## Task to complete:
Repeat the entries below exactly, pictures excluded.

BEGIN Supplied material

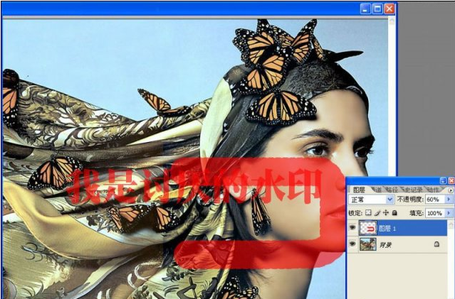 2、看到了吗?60%,和原始水印一模一样,你可以放大你的水印和原水印重合的部分,用吸管来判断。FF0000,60%。OK,确定了这两点,我们还原有望了。回到原始的水印图片,我们选出水印的选区,新建一层并填充红色。(记得保存选区待用)
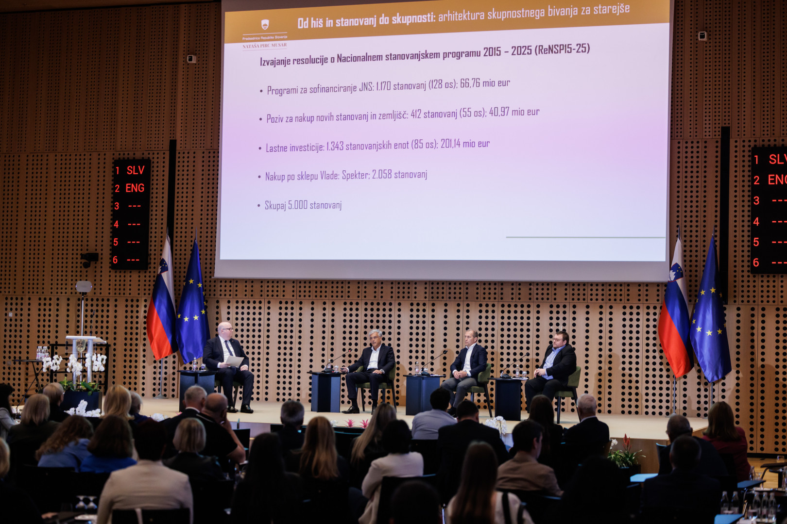 Panelisti: dr. Wolfgang Amann, direktor avstrijskega inštituta IIBW, mag. Črtomir Remec, direktor Stanovanjskega sklada RS, Mitja Križaj, glavni direktor DSU d.o.o. ter Simon Maljevac, minister za solidarno prihodnost.
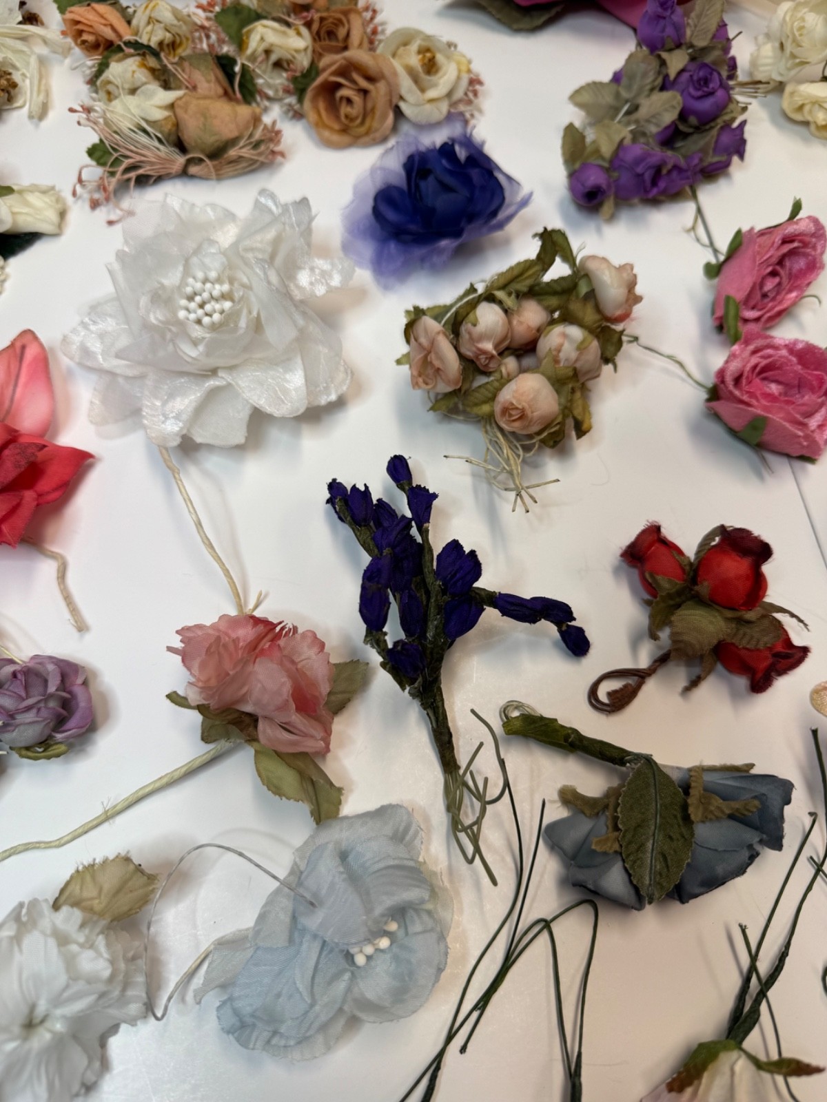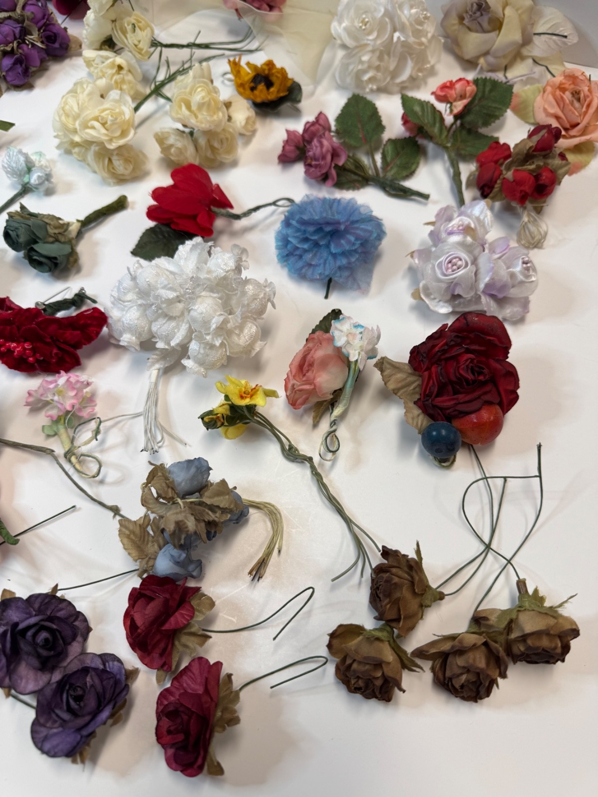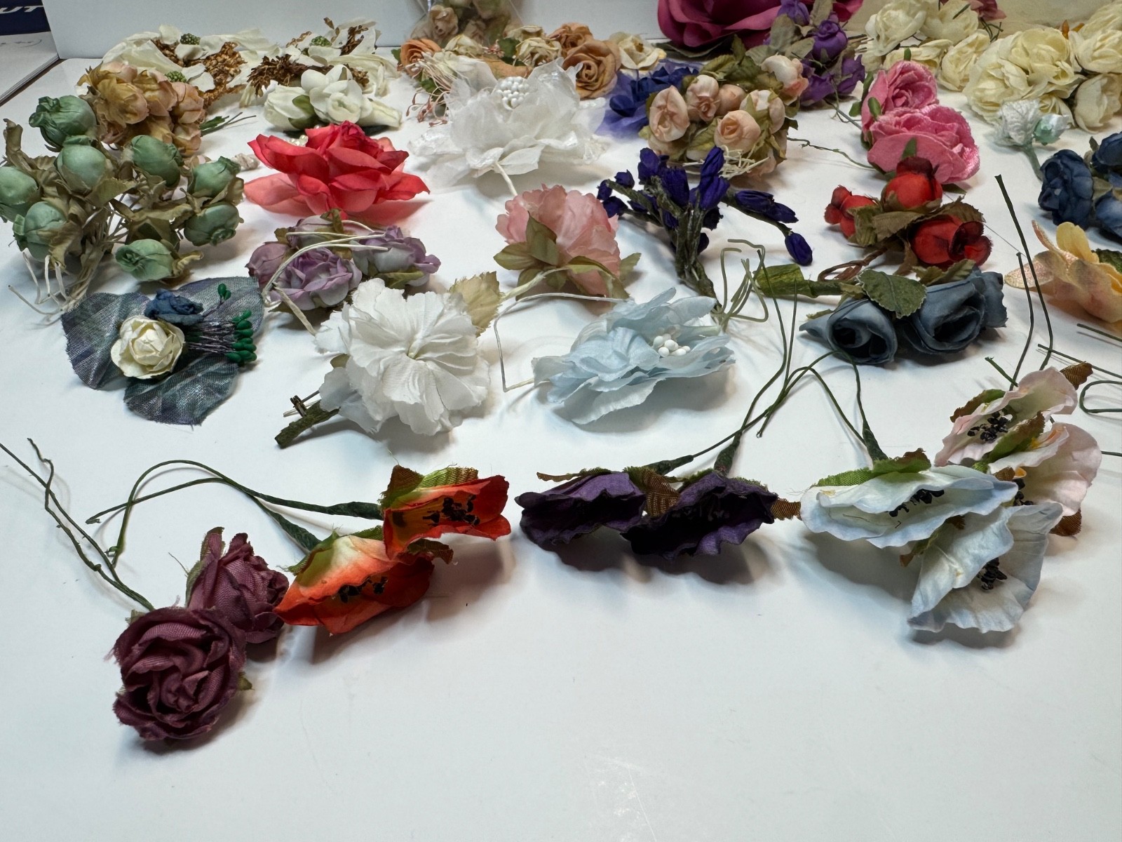 Lot of 100 assorted Vintage Fabric Millinery Flowers and Corsages
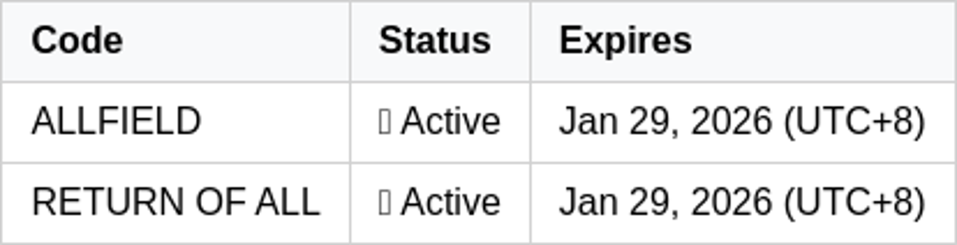 As of January 19, 2026, only two codes have been officially released during the launch event. Both are redeemable starting from the game's release and will expire at 11:59 pm UTC+8 on January 29. Stay tuned for updates, as additional codes may be unveiled through future events or live streams by Hypergryph.
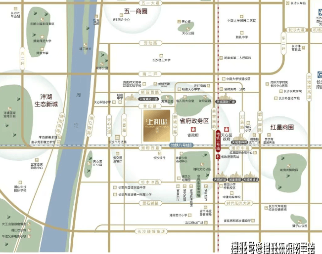 交通配套:南临湘府西路,东近新姚中路,5 分钟内连接湘江中路、芙蓉南路,距离地铁 1 号线省政府清风站约 900 米,规划中的地铁 8 号线新姚路站就在项目门口。
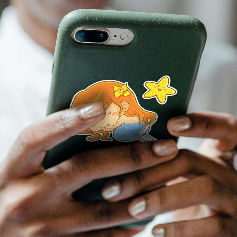 Bring the magic of the ocean to your belongings with this Cute Mermaid and Starfish Sticker. Featuring an adorable cartoon mermaid with bright orange hair and her playful starfish friend, this vinyl decal is perfect for kids and ocean lovers alike. Whether for decorating laptops, water bottles, notebooks, or kids’ rooms, it adds a cheerful, whimsical touch to your items. Made from durable, waterproof vinyl, it resists scratches and fading, ensuring its vibrant design lasts. Available in multiple sizes, this sticker offers flexible personalization for subtle accents or bold decor. Its easy peel-and-stick application makes it a fun and hassle-free way to customize your world.
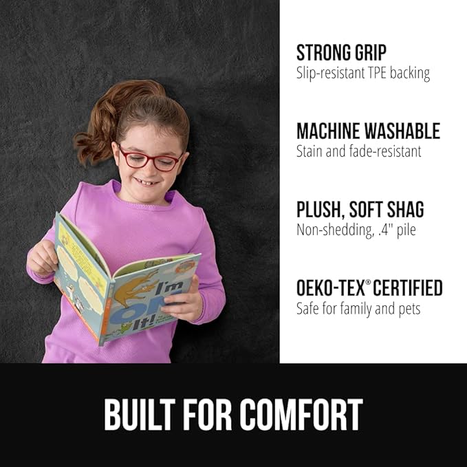 GORILLA GRIP Ultra Soft Washable Area Rug, 6x9, Stain and Slip Resistant Plush Thick Carpet for Bedroom Living Room, No Shed Floor Rugs Pet Friendly, Dorm Essentials, Kids Nursery Home Decor Dark Gray
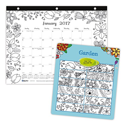 -. Title : Blueline 2017 Monthly Coloring Mini Desk Pad Calendar, Garden, January - December, 11 x 8.5 inches (C2917213-17)
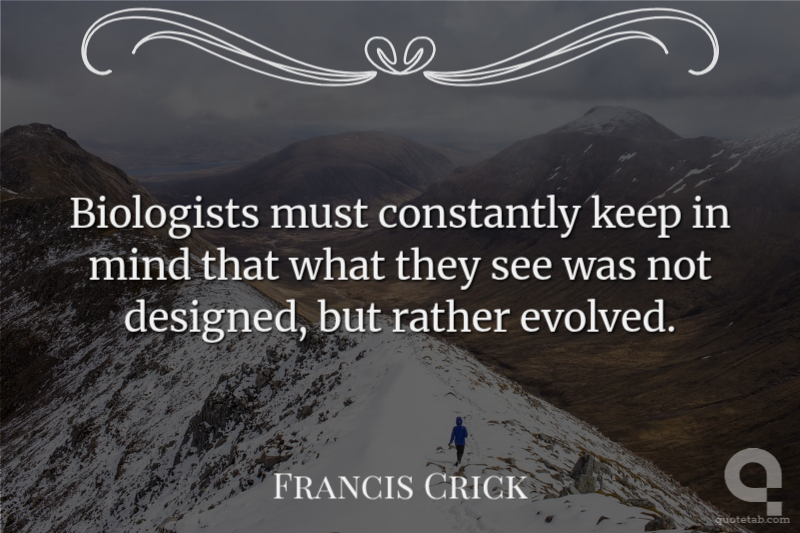 Biologists must constantly keep in mind that what they see was not designed, but rather evolved. Francis Crick

END Supplied material

## Response for this exercise:
 2、看到了吗?60%,和原始水印一模一样,你可以放大你的水印和原水印重合的部分,用吸管来判断。FF0000,60%。OK,确定了这两点,我们还原有望了。回到原始的水印图片,我们选出水印的选区,新建一层并填充红色。(记得保存选区待用)
 Panelisti: dr. Wolfgang Amann, direktor avstrijskega inštituta IIBW, mag. Črtomir Remec, direktor Stanovanjskega sklada RS, Mitja Križaj, glavni direktor DSU d.o.o. ter Simon Maljevac, minister za solidarno prihodnost.
 Lot of 100 assorted Vintage Fabric Millinery Flowers and Corsages
 As of January 19, 2026, only two codes have been officially released during the launch event. Both are redeemable starting from the game's release and will expire at 11:59 pm UTC+8 on January 29. Stay tuned for updates, as additional codes may be unveiled through future events or live streams by Hypergryph.
 交通配套:南临湘府西路,东近新姚中路,5 分钟内连接湘江中路、芙蓉南路,距离地铁 1 号线省政府清风站约 900 米,规划中的地铁 8 号线新姚路站就在项目门口。
 Bring the magic of the ocean to your belongings with this Cute Mermaid and Starfish Sticker. Featuring an adorable cartoon mermaid with bright orange hair and her playful starfish friend, this vinyl decal is perfect for kids and ocean lovers alike. Whether for decorating laptops, water bottles, notebooks, or kids’ rooms, it adds a cheerful, whimsical touch to your items. Made from durable, waterproof vinyl, it resists scratches and fading, ensuring its vibrant design lasts. Available in multiple sizes, this sticker offers flexible personalization for subtle accents or bold decor. Its easy peel-and-stick application makes it a fun and hassle-free way to customize your world.
 GORILLA GRIP Ultra Soft Washable Area Rug, 6x9, Stain and Slip Resistant Plush Thick Carpet for Bedroom Living Room, No Shed Floor Rugs Pet Friendly, Dorm Essentials, Kids Nursery Home Decor Dark Gray
 -. Title : Blueline 2017 Monthly Coloring Mini Desk Pad Calendar, Garden, January - December, 11 x 8.5 inches (C2917213-17)
 Biologists must constantly keep in mind that what they see was not designed, but rather evolved. Francis Crick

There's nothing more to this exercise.